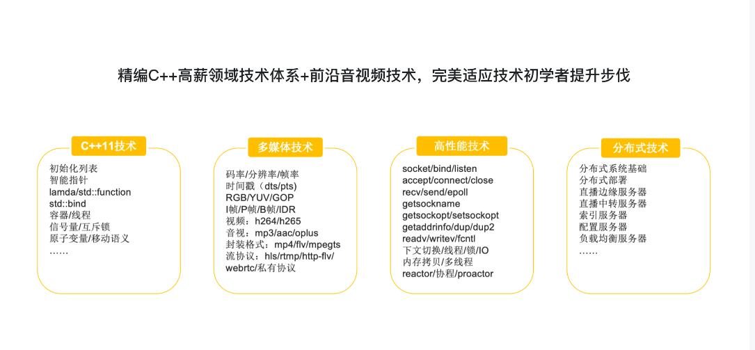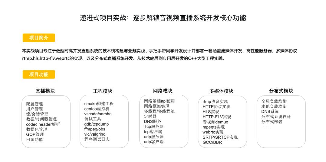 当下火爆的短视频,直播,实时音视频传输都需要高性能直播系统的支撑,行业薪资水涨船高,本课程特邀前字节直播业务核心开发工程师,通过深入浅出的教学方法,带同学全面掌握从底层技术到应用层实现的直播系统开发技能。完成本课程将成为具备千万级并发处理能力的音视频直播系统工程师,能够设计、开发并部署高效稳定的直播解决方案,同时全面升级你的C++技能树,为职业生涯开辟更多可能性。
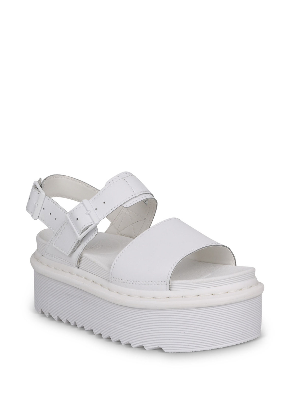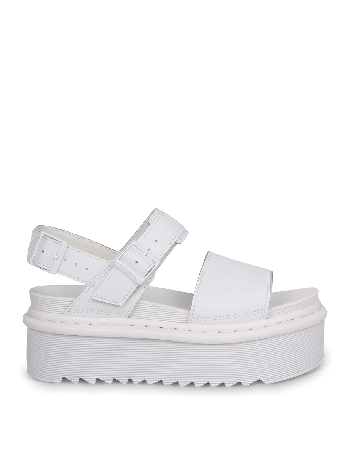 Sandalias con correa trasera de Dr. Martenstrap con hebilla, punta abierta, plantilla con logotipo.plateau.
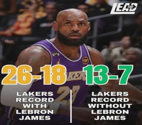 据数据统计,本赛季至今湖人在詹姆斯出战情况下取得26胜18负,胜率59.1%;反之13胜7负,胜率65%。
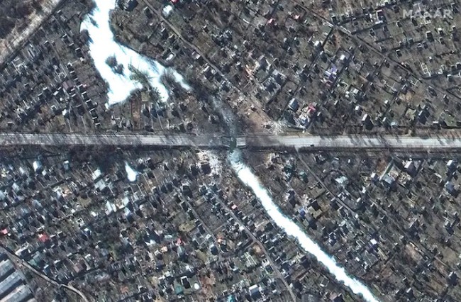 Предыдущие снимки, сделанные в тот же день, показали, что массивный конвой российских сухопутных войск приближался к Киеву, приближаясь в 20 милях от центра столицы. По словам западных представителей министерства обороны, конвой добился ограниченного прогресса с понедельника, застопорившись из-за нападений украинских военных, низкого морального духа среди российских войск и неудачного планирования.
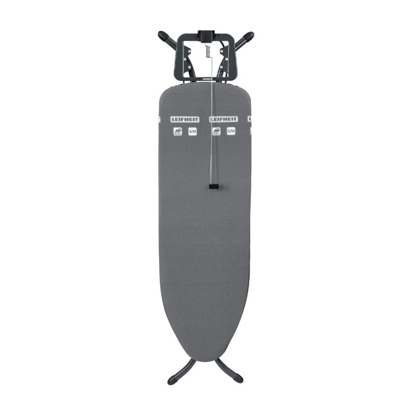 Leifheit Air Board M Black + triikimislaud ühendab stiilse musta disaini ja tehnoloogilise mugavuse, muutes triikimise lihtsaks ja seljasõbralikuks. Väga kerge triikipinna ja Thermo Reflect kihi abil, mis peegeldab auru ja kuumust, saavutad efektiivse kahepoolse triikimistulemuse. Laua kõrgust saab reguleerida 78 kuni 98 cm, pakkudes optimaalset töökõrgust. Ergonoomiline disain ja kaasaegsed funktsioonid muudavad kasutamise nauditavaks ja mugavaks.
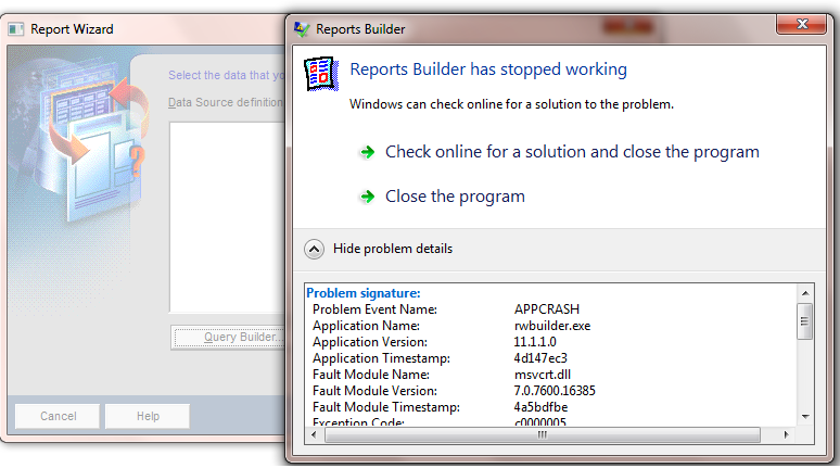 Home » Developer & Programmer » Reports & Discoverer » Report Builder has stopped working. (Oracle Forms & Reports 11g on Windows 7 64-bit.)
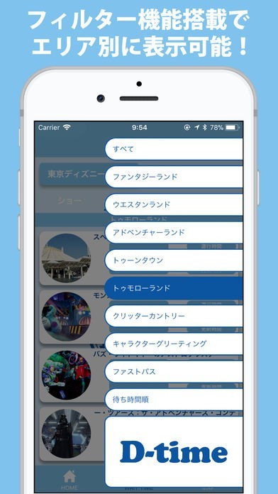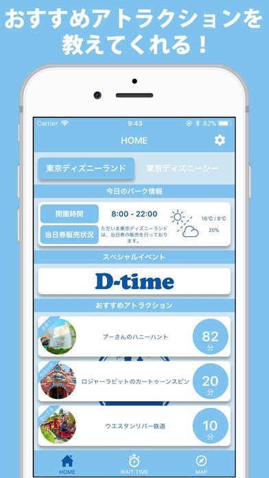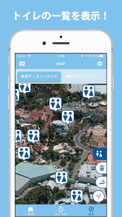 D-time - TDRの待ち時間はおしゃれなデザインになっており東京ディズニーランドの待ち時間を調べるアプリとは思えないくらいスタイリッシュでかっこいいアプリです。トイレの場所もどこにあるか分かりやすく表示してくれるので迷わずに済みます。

What you have to do
All of the entries above are to be duplicated exactly, with every image left out.

Exercise answer
 当下火爆的短视频,直播,实时音视频传输都需要高性能直播系统的支撑,行业薪资水涨船高,本课程特邀前字节直播业务核心开发工程师,通过深入浅出的教学方法,带同学全面掌握从底层技术到应用层实现的直播系统开发技能。完成本课程将成为具备千万级并发处理能力的音视频直播系统工程师,能够设计、开发并部署高效稳定的直播解决方案,同时全面升级你的C++技能树,为职业生涯开辟更多可能性。
 Sandalias con correa trasera de Dr. Martenstrap con hebilla, punta abierta, plantilla con logotipo.plateau.
 据数据统计,本赛季至今湖人在詹姆斯出战情况下取得26胜18负,胜率59.1%;反之13胜7负,胜率65%。
 Предыдущие снимки, сделанные в тот же день, показали, что массивный конвой российских сухопутных войск приближался к Киеву, приближаясь в 20 милях от центра столицы. По словам западных представителей министерства обороны, конвой добился ограниченного прогресса с понедельника, застопорившись из-за нападений украинских военных, низкого морального духа среди российских войск и неудачного планирования.
 Leifheit Air Board M Black + triikimislaud ühendab stiilse musta disaini ja tehnoloogilise mugavuse, muutes triikimise lihtsaks ja seljasõbralikuks. Väga kerge triikipinna ja Thermo Reflect kihi abil, mis peegeldab auru ja kuumust, saavutad efektiivse kahepoolse triikimistulemuse. Laua kõrgust saab reguleerida 78 kuni 98 cm, pakkudes optimaalset töökõrgust. Ergonoomiline disain ja kaasaegsed funktsioonid muudavad kasutamise nauditavaks ja mugavaks.
 Home » Developer & Programmer » Reports & Discoverer » Report Builder has stopped working. (Oracle Forms & Reports 11g on Windows 7 64-bit.)
 D-time - TDRの待ち時間はおしゃれなデザインになっており東京ディズニーランドの待ち時間を調べるアプリとは思えないくらいスタイリッシュでかっこいいアプリです。トイレの場所もどこにあるか分かりやすく表示してくれるので迷わずに済みます。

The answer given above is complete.